Millions are mourning over the loss of iconic music legend Prince, who died last week at the age of 57. Social media has been flooded with purple tributes to the pop star, status after status attesting to the histrionic impact of Prince’s persona.

It was well known that Prince was extremely protective of his music and his image. Unfortunately, after a bad contract experience in his early years, Prince became weary of signing legal documents. The fact that Prince did not leave behind a will or an estate plan has come as a shock to many. His apprehension towards legal discourse will sadly have drastic implications for the legacy he left behind.

The recent question circulating the Internet is: what will happen to Prince’s estate, music, and image without a will or trust?

Prince’s fortune is estimated at around $300 million. However, several reports have revealed that Prince also had thousands of unreleased songs locked in a bank vault in the basement of his Paisley Park compound. Had Prince placed his songs and other intellectual property in a dynasty trust, he would have been able to dictate will happen to his music image post-humous.

“If you own assets that will increase in value substantially after your death, you should absolutely have an estate plan that takes that into account now,” Estate Planning Attorney Jorge Lopez of Jorgensen & Salberg, LLP commented.

Prince’s sister, Tyka Nelson, filed court documents on Tuesday asking for a special administrator for the artist’s estate. Whoever inherits the estate will have complete control over Prince’s assets including his unpublished music. However, since Prince did not leave a will or trust, the process will most likely take years.

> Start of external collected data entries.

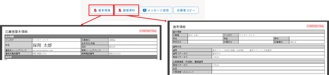 〔基本情報〕で、応募者情報タブの情報をpdfでダウンロードすることができます。また、〔面接資料〕は面接時に面接官に確認してもらう資料として使用できます。
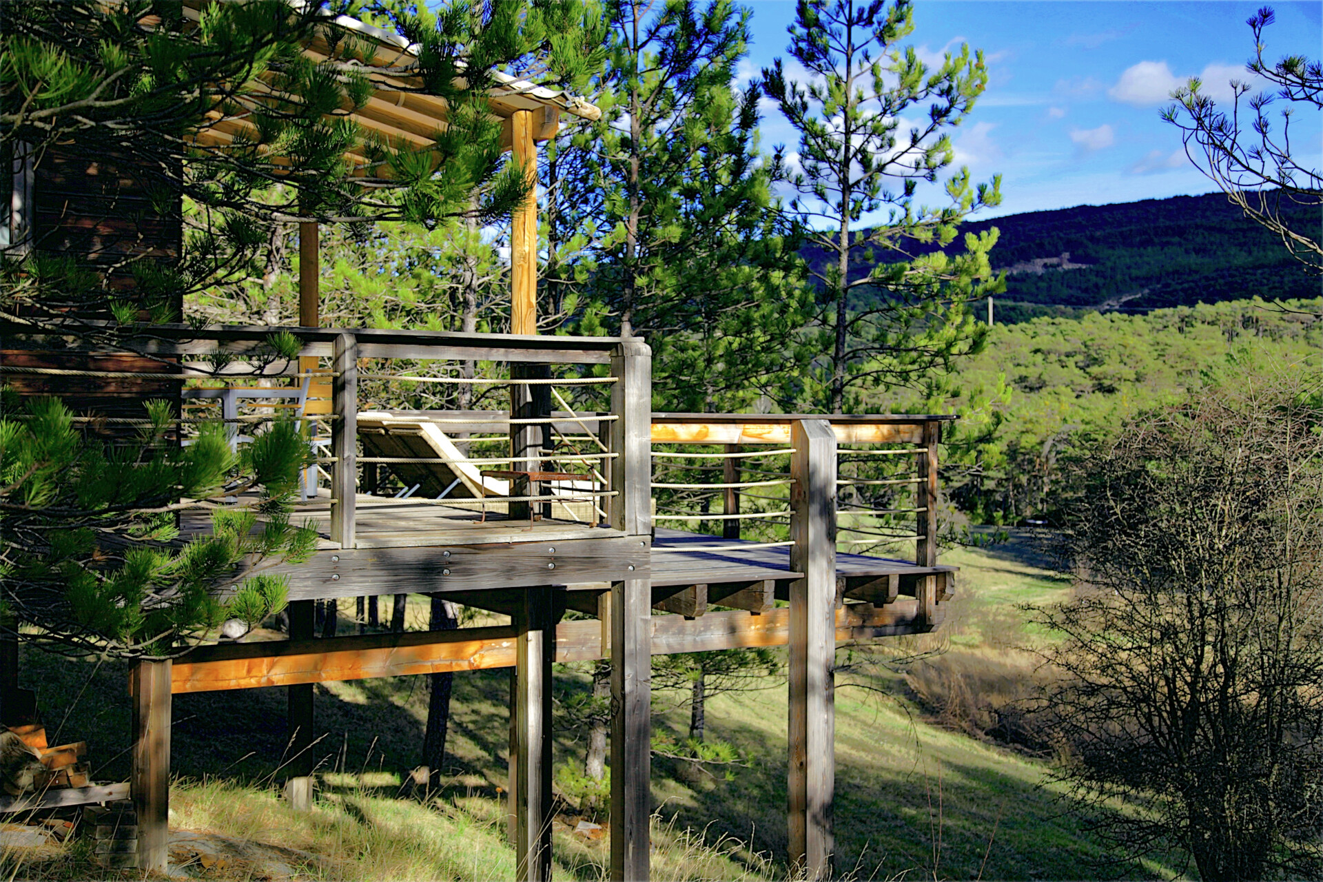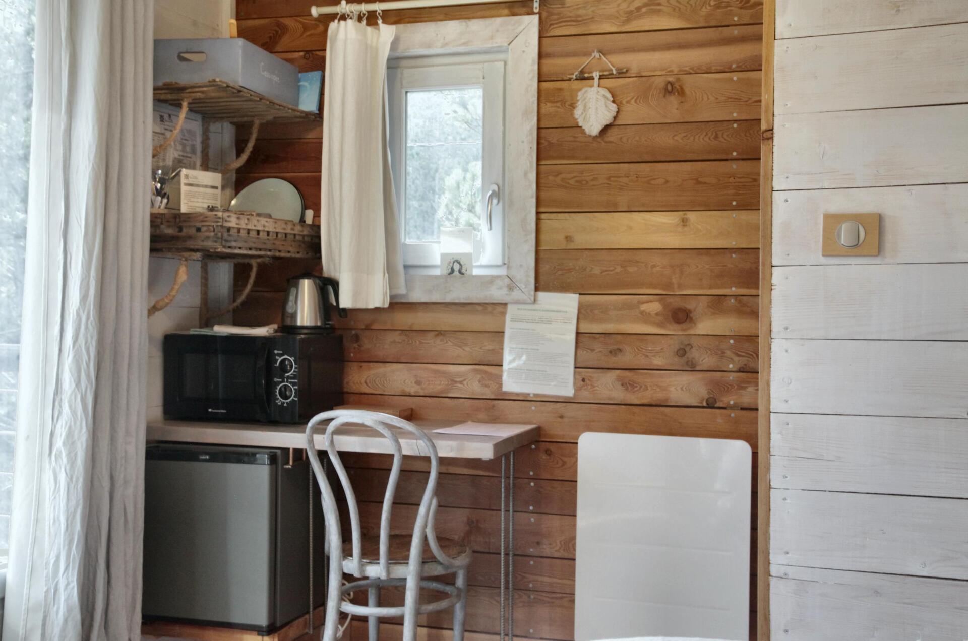 Plongez dans l’ambiance naturelle et sauvage de la Provence depuis la Cabane d’hôtes “Cassiopée”.
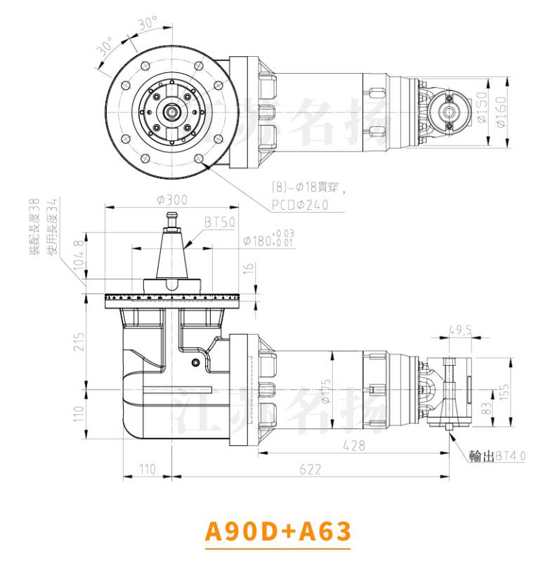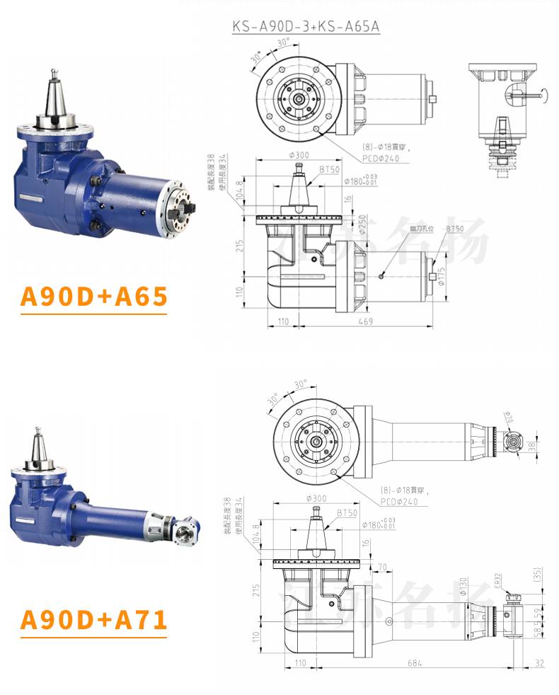 非标加长铣头 KS-A90D+A65 可定制头 立式机床附件 MEYA原装 名扬昱洁

Further, the artist’s opposition to legal planning will cost his estate an enormous tax bite. The value of his estate, although still being speculated, will be subject to a federal estate tax rate of 40 percent and a Minnesota tax rate of 16 percent— meaning roughly half the estate could go to the government. By creating a will or trust, Prince could have reduced this tax rate and saved his estate from being embroiled in legal disputes for years to come.

The bottom line is – with no offense to the music icon – that you don’t have to be wealthy to do a better job of estate planning.

Lopez states that the first step to taking control of your future is to create a will. If you have young children, a will is the only legal document that can specify a guardian for them. “Several clients change their mind about creating a will once I tell them this,” Lopez explains.

A revocable trust is also a route you may consider. A revocable trust can act like a will and additionally ensure that your estate will not be probated. Probate is the legal procedure in which a judge decides who will inherit your assets after death. The process is often lengthy and extremely costly. Ultimately, it is in your best interest to avoid it by having a trust, and at the very minimum, a will.

The thought of creating a will or planning for your death is hardly pleasant. However, it is the best way to take control of your legacy after you go. If there is one lesson to be learned from Prince’s sudden passing, it’s that making an estate plan should not be procrastinated.